Keep a short notes trail for reproducibility:

  • trigger date used
  • why that date was chosen
  • the calculated SOL expiration date
  • any assumptions

This makes it easier to adjust the timeline if facts are updated or if you later consider a different accrual theory.

Key statutes and citations

The Michigan default period provided for this guide is:

  • MCL § 767.24(1)6-year general statute of limitations (general/default SOL period)

Michigan’s limitations framework can be dense, and limitations rules sometimes interact with other doctrines (including tolling). Still, for a baseline Michigan SOL model with the data you supplied, MCL § 767.24(1) and the 6-year rule are the primary anchors.

Warning: A “general SOL” number is not always the final word. If a statute provides a different limitations period for your specific claim type—or if tolling applies—the deadline can shift. DocketMath can help you model the baseline period, but exceptions may change the result.

Common pitfalls

SOL mistakes tend to come from time assumptions. Watch for these:

  • Using the wrong starting date
    • Example: using the incident date when your situation requires discovery/accrual at a later time (or vice versa).
  • Assuming “6 years” automatically applies to every claim
    • Your dataset indicates no claim-type-specific sub-rule was found, so you should treat 6 years under MCL § 767.24(1) as the default model—not a universal rule.
  • Forgetting that amendments or procedural events can complicate practical deadlines
    • Some filings may relate back or otherwise affect the limitations analysis depending on procedural rules.
  • Overrelying on a single calendar calculation
    • Even if the math is correct, the legal trigger or tolling can move the deadline.
  • Not keeping input records
    • Without documenting the start date and assumptions, it’s hard to revise the calculation when facts change.

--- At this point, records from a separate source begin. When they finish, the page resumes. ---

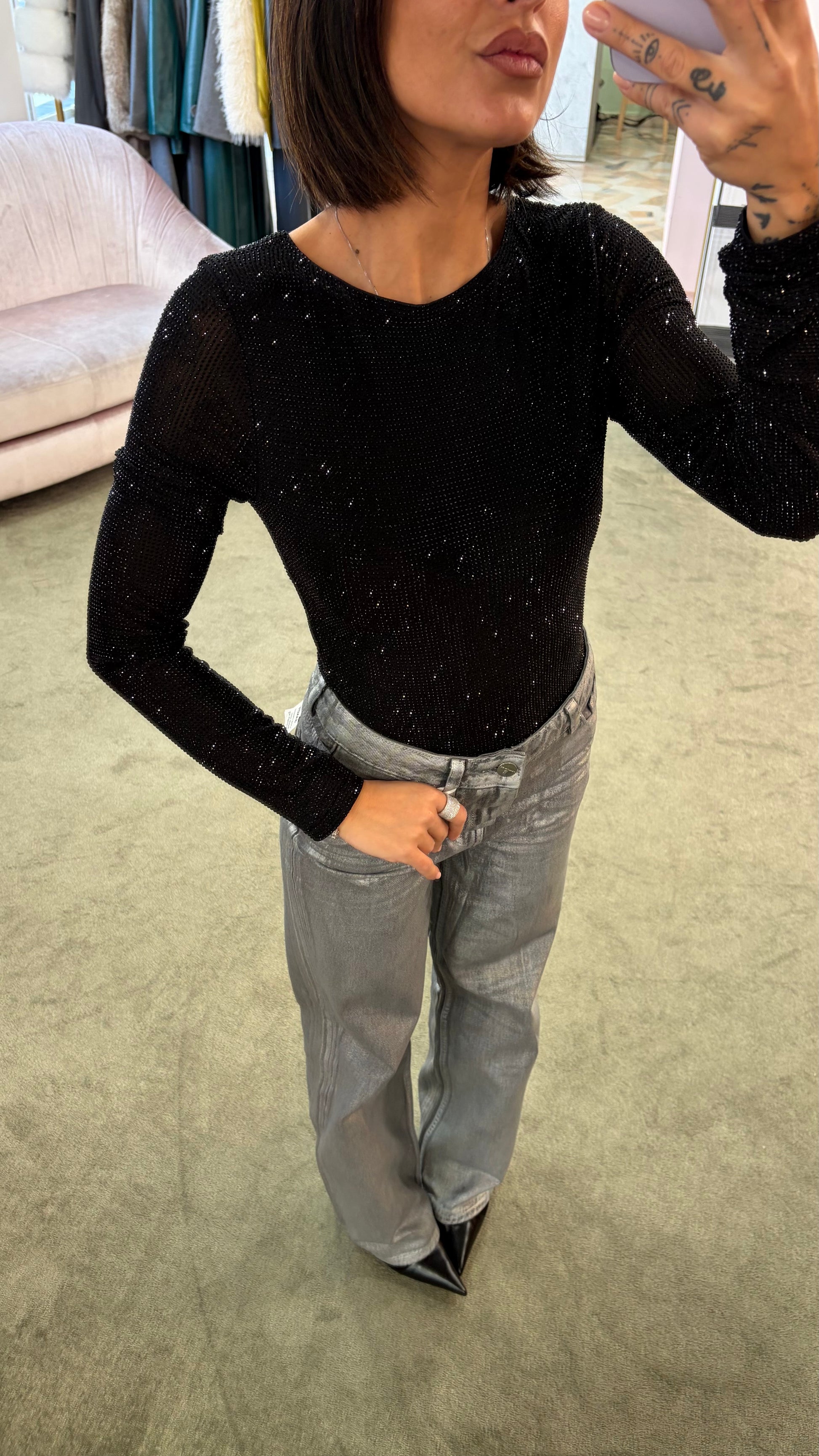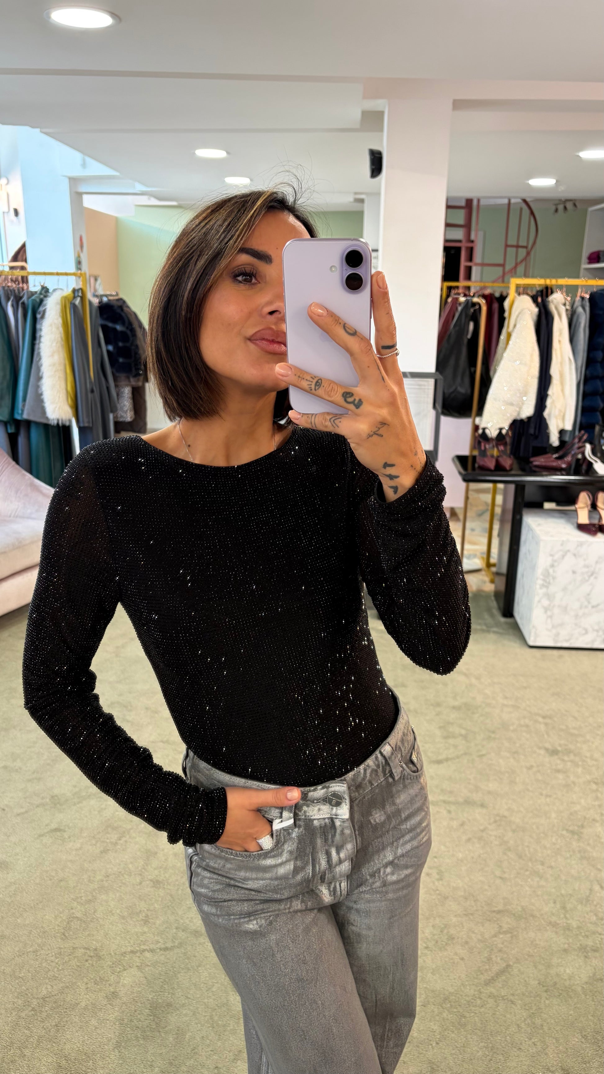 Vestibilità: regolare, scollo tondo e manica a guanto.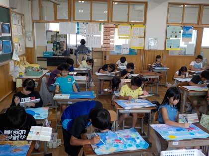 お話の絵もいよいよ大詰めに近づいています。今日は,細かいところにもこだわって,丁寧に色ぬりを進めました。仕上に向けてがんばっている自分の作品を,子どもたちは誇らしげに見せてくれます。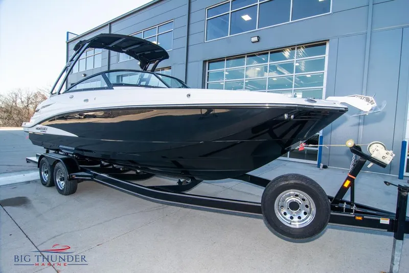 Mercury 6.L (350HP). Bravo Three Dual Prop Drive. DTS Controls. Trim Tabs w/ Indicators & Auto-Retract. Electric Windlass w/ Anchor, Rope & Chain. Wakeboard Tower. LED RGB Underwater Lighting. Grey SeaDek Swim Platform & Cockpit Inlays. Transom Shower. Removable Ski Tow Pylon. Simrad GO7 XSE GPS/Chartplotter w/ Engine Interface. Stereo Upgrade Pkg. (6.5" Rockford Fosgate M2 LED Speakers (4), 10" Punch Subwoofer & 5 Ch Amp). Transom Stereo Remote. Enclosed Head w/ Pump Out Deck Fitting. Vanity w/ Fresh Water Sink & Pullout Sprayer. Portlight. Portside Forward/Aft Facing Lounger. Electric Rear Convertible Sunpad. Phender Pro Holders. Battery Charger w/ Deck Plug. Dual Battery Switch. Bow & Cockpit Cover.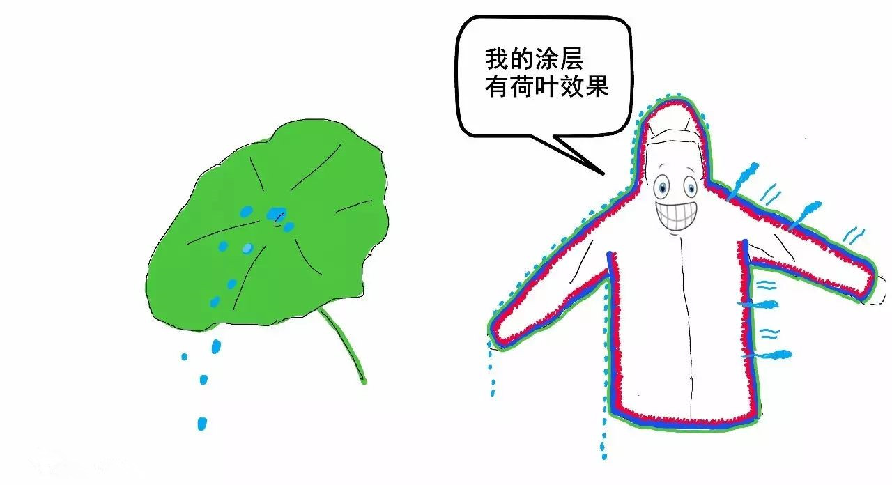 涂層可以實現“荷葉效果”,讓水珠滾落,同時水蒸氣能從面料縫隙排出。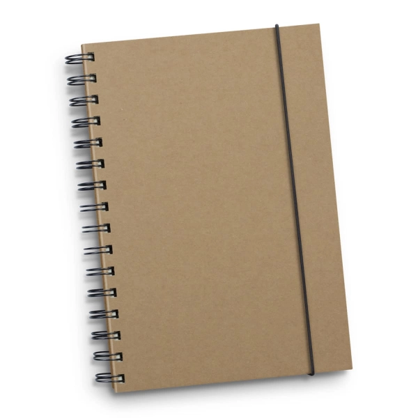 Stylish and functional medium-sized (approximately A5) wiro-bound notebook with a hard kraft cover. The notebook features 80 leaves (160 pages) of 70gsm lined cream paper made using sugarcane waste, with a sugarcane logo printed on the inside cover and the corner of each page. An elastic closure helps to keep notes secure.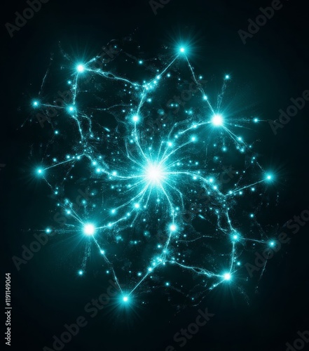 The watermark will not be included on Wall mural.: Glowing turquoise light pattern with connecting lines

To reduce risk in your workflow, use DocketMath to calculate multiple scenarios if the triggering date is uncertain (for example, “incident-based” vs. “discovery-based” start dates), then compare outputs.

Run the numbers

Below is a simple Michigan example to show how the DocketMath calculator affects outputs.

Example scenario (baseline model)

Assume:

  • Triggering (start) date: January 15, 2020
  • General SOL period: 6 years (MCL § 767.24(1))
  • Proposed filing date: January 14, 2026

Baseline math (calendar-window approach):

  • SOL expiration (approx.): January 15, 2026
  • Proposed filing date: January 14, 2026
  • Result: Inside the baseline 6-year window (one day early)

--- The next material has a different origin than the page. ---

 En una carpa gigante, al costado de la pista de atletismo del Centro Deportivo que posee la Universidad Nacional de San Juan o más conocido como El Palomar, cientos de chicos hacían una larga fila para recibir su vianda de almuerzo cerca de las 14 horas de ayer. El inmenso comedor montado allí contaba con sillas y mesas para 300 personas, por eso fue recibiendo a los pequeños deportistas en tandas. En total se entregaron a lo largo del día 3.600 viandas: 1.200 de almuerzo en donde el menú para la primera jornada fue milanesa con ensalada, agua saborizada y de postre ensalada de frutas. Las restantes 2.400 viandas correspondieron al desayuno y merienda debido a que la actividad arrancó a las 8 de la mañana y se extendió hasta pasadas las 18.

Compare with a “late” filing date

If instead the proposed filing date were January 16, 2026, the result would flip.

Triggering dateSOL periodApprox. expirationFiling dateBaseline result
Jan 15, 20206 yearsJan 15, 2026Jan 14, 2026Within window
Jan 15, 20206 yearsJan 15, 2026Jan 16, 2026Likely outside window (baseline)

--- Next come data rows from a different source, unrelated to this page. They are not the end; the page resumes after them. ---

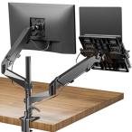 デュアル ノートパソコン/モニターアーム モニターアーム 2画面 トレイ付き 高度0~90cm ガススプリング式 15〜32インチ対応
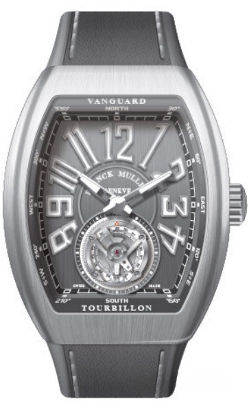 Часы Franck Muller Vanguard V 45 T с турбийоном изготовлены из нержавеющей стали, на кауучуковом ремешке. Бочкообразный корпус имеет размеры 53.7 × 44 х 15.8 мм. Задняя стенка корпуса часов закрытая. Сапфировое стекло с антибликовым покрытием. Циферблат серого цвета. Его окружность украшена крупными арабскими цифрами и двумя стрелками. Каретка парящего турбийона заняла всю нижнюю часть циферблата. Рифленая заводная головка расположена на 3-х часах. Водонепроницаемость составляет 30 метров. Внутри корпуса установлен автоматический механизм с запасом хода 42 часа.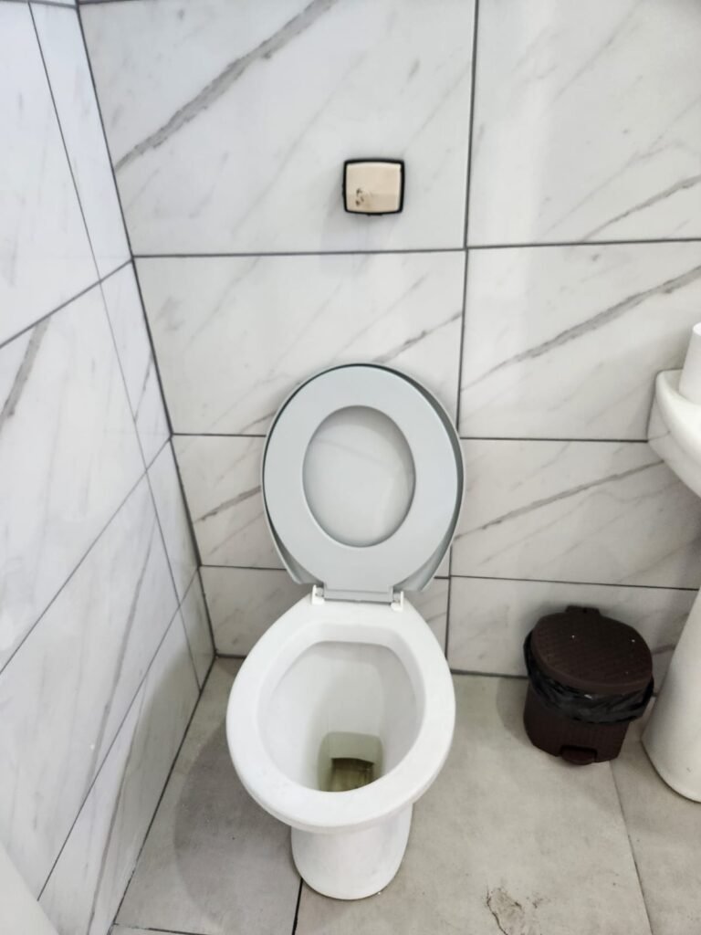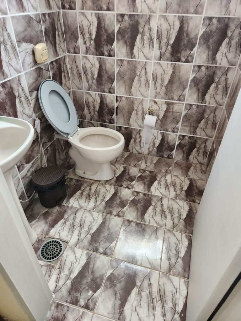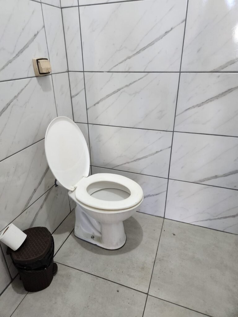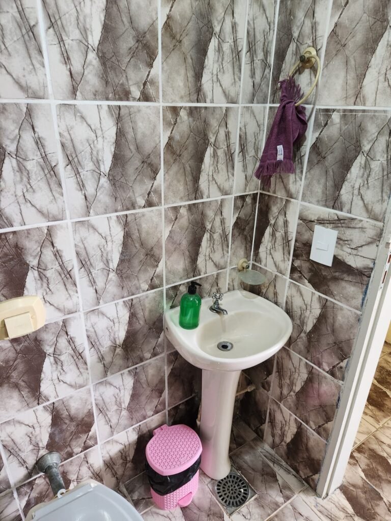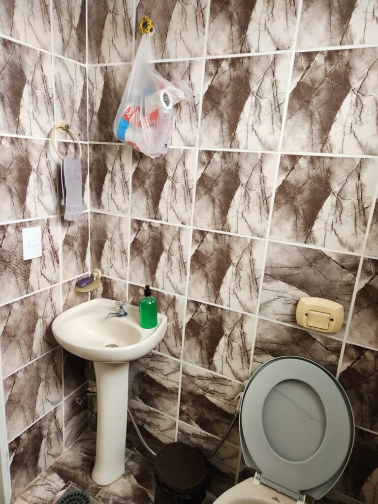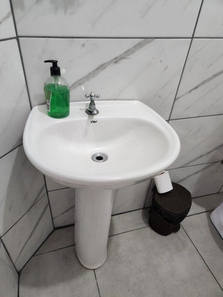 WC:- Piso frio cerâmico em ordem, paredes com azulejos marmorizados ate o teto em ordem, teto com pintura nova na cor branco em ordem, 01 interruptor sem espelho de luz, 01 registro, 01 lâmpada bulbo led com spot em ordem, 01 conjunto lavatório cerâmica branca com coluna cerâmica branca da marca Fiori em ordem, 01 torneira em ordem, 01 vaso sanitário cerâmica branca em ordem, válvula de descarga em ordem, porta de madeira com pintura na cor branco sem guarnição, maçaneta em ordem, fechadura em ordem.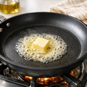 Add one tablespoon of unsalted butter to the skillet and let it melt completely, coating the cooking surface evenly. You’ll know it’s ready when it’s foaming gently and smells nutty and inviting. This should take about 2-3 minutes.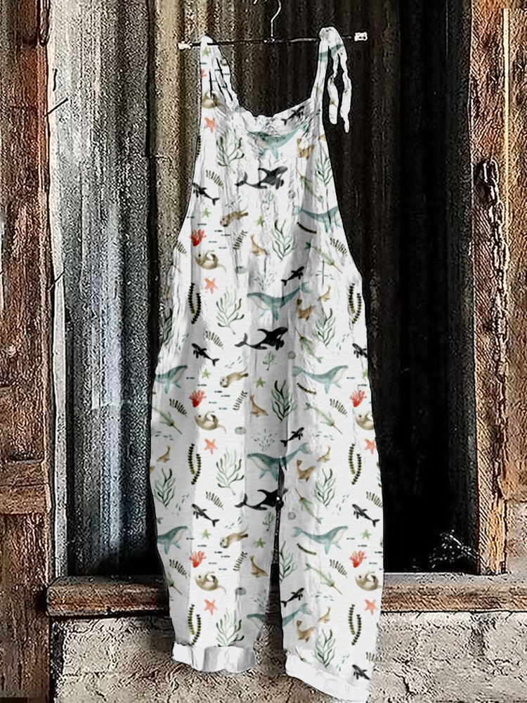 Pacific Ocean Animals Pattern Linen Blend Comfy Jumpsuit

How inputs change outputs in DocketMath

Use this mental model:

  • Change the start date → SOL expiration shifts by the same offset.
  • Keep the start date fixed → changing the filing date only affects whether it lands before or after the modeled expiration.
  • Keep everything else fixed → the SOL period is the controlling number in this guide: 6 years under MCL § 767.24(1).

For quick access, open the DocketMath calculator here: /tools/statute-of-limitations.